Она отогнула прозрачную пленку от края лепешки и неловко надкусила ее. Три красные фасолины в соусе тут же шмякнулись на колено, на джинсы только что из чистки, а с колена на землю, где образовали яркий, экзотический и смутно-зловещий рисунок. Разглядывая его, Роза думала: как странно, что в жизни мало кто уделяет внимание мелочам — или по крайней мере придает им значение, — до тех пор, пока в состоянии обостренного восприятия, вызванном радостью, горем, разочарованием или страхом, не обнаружит, что все его существование, от значительных событий до последнего штриха, подчинено сюжету исполненной смысла драмы. Три красные фасолины на земле и девушка в сером плаще, тихо разговаривающая по мобильнику на незнакомом языке, вдруг стали символами, обрели значение. И вместе с тем оба оставались не более чем никак не связанными подробностями, сопровождающими миг, без которого Роза отчаянно и страстно мечтала обойтись.

Она положила лепешку на скамейку возле себя. В нынешнем состоянии ее вкус казался не экзотическим и оригинальным, а попросту чуждым. Откинувшись на спинку скамьи, Роза подняла голову, засмотрелась в монотонно серое небо и паутину веток, покрытых бугорками почек, и задумалась о том, что в сложившейся ситуации обиднее всего ее непредсказуемость. Роза никак не могла ее предвидеть. Ей и в голову не могло прийти, что через пять лет после окончания университета она провалит поиски интересной работы, провалит попытку завязать прочные романтические отношения и потерпит фиаско, добиваясь возможности распоряжаться своей жизнью именно тем образом, который она считала автоматически предлагающимся к взрослой жизни.

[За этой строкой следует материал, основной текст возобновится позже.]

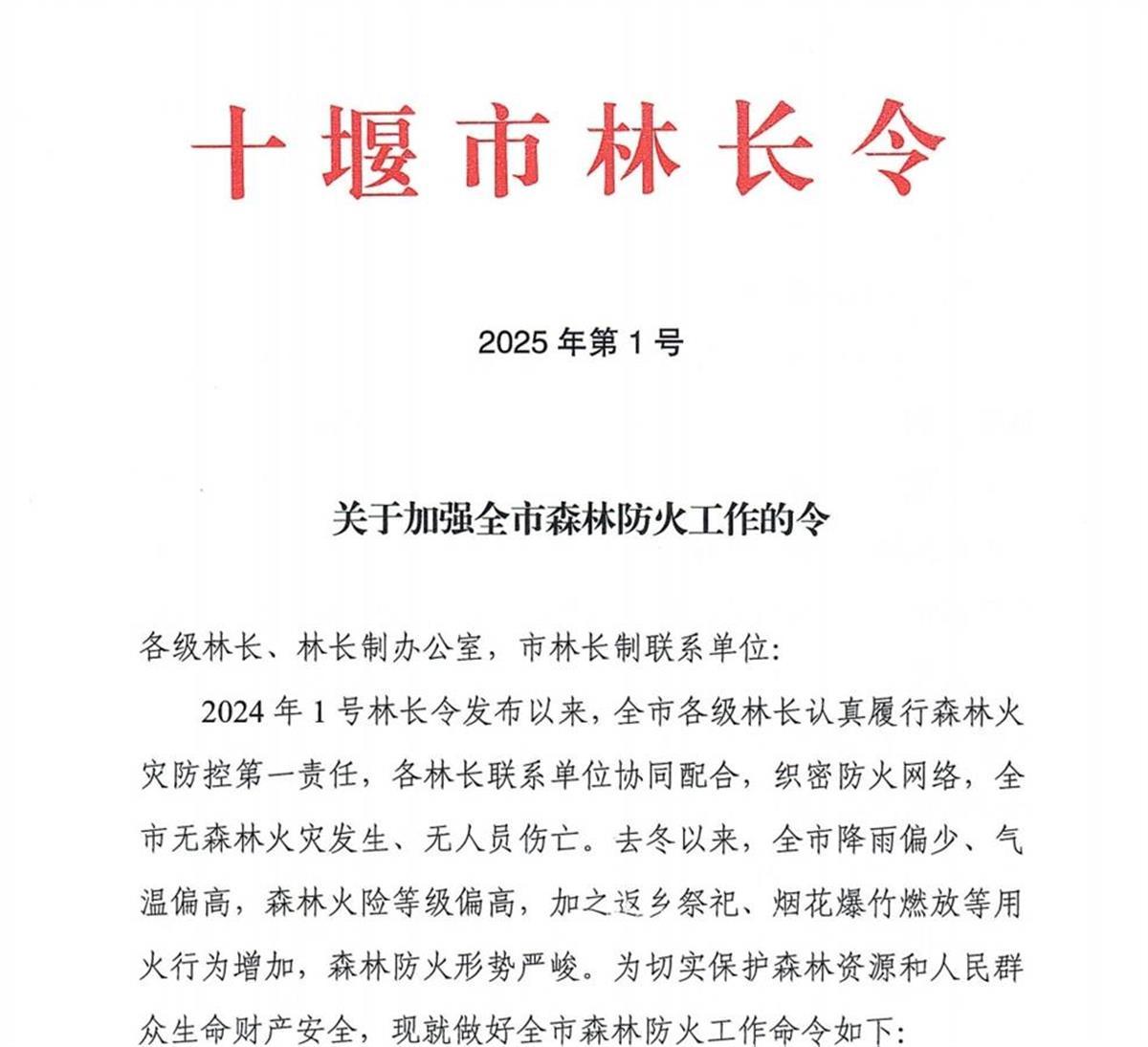 2月10日,湖北十堰市发布2025年1号林长令《关于加强全市防火森林防火的令》,要求全市各级林长认真履行森林火灾防控第一责任,织密防火网络,切实保护森林资源和人民群众生命财产安全。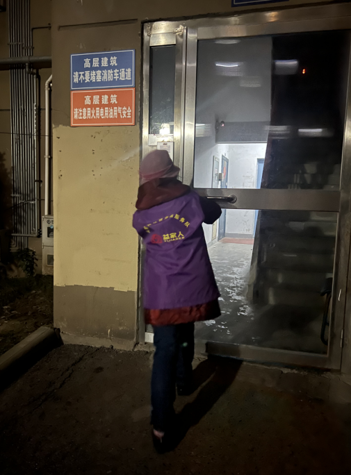 志愿者針對小區(qū)的公共場所、交通要道、單元樓道加強巡邏工作,看到未關(guān)的單元門及時上去關(guān)好,并向居民群眾宣治安防范、消防安全的重要性。同時提醒居民由于天氣寒冷要注意防火、用電、用氣的安全,外出時關(guān)好門窗、佩戴好口罩,注意防火、防盜、防詐騙及個人防護等安全事項,增強廣大居民的安全防范意識,對巡邏中發(fā)現(xiàn)的問題及時勸阻,將各種安全隱患消滅在萌芽狀態(tài)。

Учиться было сравнительно легко. Роза любила учиться, умела заводить друзей, спокойно принимала успехи. С одиннадцатилетнего возраста она встала на рискованный, но многообещающий путь точно посередине между рассудительностью и бунтарством — ее старший брат восхищался этим путем, а младший умело притворялся, будто следует ему. Все долгие, насыщенные, направленные к одной цели годы учебы она культивировала в себе утонченную оригинальность и дерзость, уверенная, что та спасет ее и от скуки, и от трудностей. Так и было — пока Роза не влюбилась в человека, который предпочел поверить скорее в ее маску, чем в уязвимую сущность, которая скрывалась под ней, и тем самым вмиг уничтожил всю показную уверенность, создававшуюся годами.

Все близкие взяли на себя труд объяснить ей, насколько неприятен им был Джош. Под традиционным, но лживым лозунгом «откроем ей глаза ради ее же блага» родные и друзья растолковали ей, что Джош избалован, ненадежен, инфантилен и эгоистичен. В ответ она просто повторяла: «Знаю». Она и вправду знала. С первых волнующих, но нервозных свиданий знала, что Джош не способен и не готов подарить ей ровное сияние надежной любви, на которую, по уверениям женских журналов, имеет полное право каждая девушка. Но с Джошем у нее не получилось ни ровных, ни надежных отношений. Они оказались неожиданными во всех смыслах слова: врасплох заставало его будоражащее, непредсказуемое присутствие, сбивало с ног влечение. Влюбленность в Джоша стала опрометчивым, рискованным шагом, после которого Роза, привыкшая к безмятежному существованию в роли всеобщего кумира, вдруг пополнила ряды беззащитных поклонников. Джош мог потребовать и получить что угодно, лишь бы он не ушел.

Он продержался почти два года, перебрался к Розе и целыми часами играл в покер на ее компьютере или звонил по межгороду с ее телефона. Заказывал билеты на спектакли и балеты, бронировал номера в отелях и столики в ресторанах, таинственным образом ухитряясь не платить за них. Оставлял розы на ее подушке, послания на зеркале в ванной и крохотные, соблазнительные подарки, завернутые в салфетки, — в ее туфлях. Рядом с ним она словно раскачивалась на эмоциональных качелях, и когда он наконец ушел, она еще несколько месяцев была убеждена: по его милости она не только разорена и погрязла в долгах, но и навсегда утратила способность чувствовать себя по-настоящему живой.